The villagers quickly started to exploit the border trade as an additional source of income, playing on the price differences for cigarettes and vodka in Ukraine and Poland.

Once across the border, the value of a pack of Ukrainian-made cigarettes of well-known brands almost triples. Immediately after crossing, Ukrainians hawk their products to the Polish customers at an informal market.

Lyubov Patsan, a pensioner from Shehyni in her mid-50s, is one of perhaps hundreds of locals who is active in this shady cross-border trade.

“I’m doing business – two packs (of cigarettes) and half a liter (of vodka),” says Patsan, naming the maximum amount of cigarettes and alcohol a person can take across the border per day.

Any more than that, and a person may be forbidden entry to Poland, adds the head of the village council, Ihor Kryveiko.

Patsan says it takes up to three-and-a-half hours to cross the border by foot with her goods. If she sticks within the permitted amounts of products, she can make up to Hr 100 ($4) a day. However, some traders risk taking more, hoping the border guards won’t be too thorough in their checks. Another way is to hide larger amounts in a car, as only about one in 20 vehicles are searched.

Every day, a crowd of illegal traders stand in lines to cross the border.
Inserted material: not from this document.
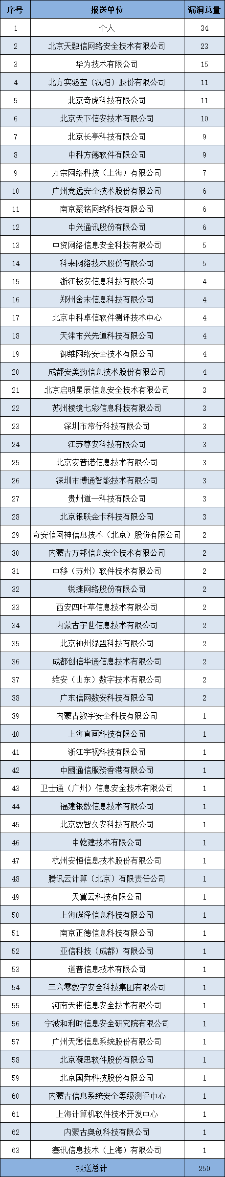 本周CNNVD接报漏洞250个,其中信息技术产品漏洞(通用型漏洞)232个,网络信息系统漏洞(事件型漏洞)18个。

“Go and try it – you could have your ribs broken (in the crush of people) there,” Hanna, an elderly retiree, said.
Another illegal trader, she doesn’t want to give her full name. She has just returned from the pedestrian border crossing, carrying a plastic bag filled with pasta from Biedronk, a Polish supermarket.

Hanna gets a monthly pension of Hr 1,200 ($48), and the illegal trade gives her much needed additional income. Every pack of cigarettes she buys for Hr 15 (60 cents) in Ukraine, she sells for around 6.5 zloty (Hr 45, or $1.80) in Poland.

“Life is so good that we just want to die,” she said sarcastically about the life in her village.

And it’s not just pensioners who are in on the trade: teachers, store workers, and other people with regular jobs are also “doing business.”

Kryveiko won’t say exactly how many villagers are involved in illegal trading, only that there are “a lot of them.” Besides the locals in Shehyni, which sits practically on the border, people from other villages in the area arrive at the checkpoint by bus each day to take cheap goods into Poland.

No visa needed

Villagers who live in the 30-kilometer-wide border zone don’t need a visa to get into Poland. Around 300,000 people now have permits to cross the border without a visa after Ukraine struck the deal on local border traffic with Poland in 2009.

The bilateral agreement allows locals to travel 30 kilometers into the territory of Poland for “cultural interchange and regional cooperation,” according to the Ministry of Foreign Affairs. But that rule could easily be flouted, as the border service doesn’t check if people stay within the zone.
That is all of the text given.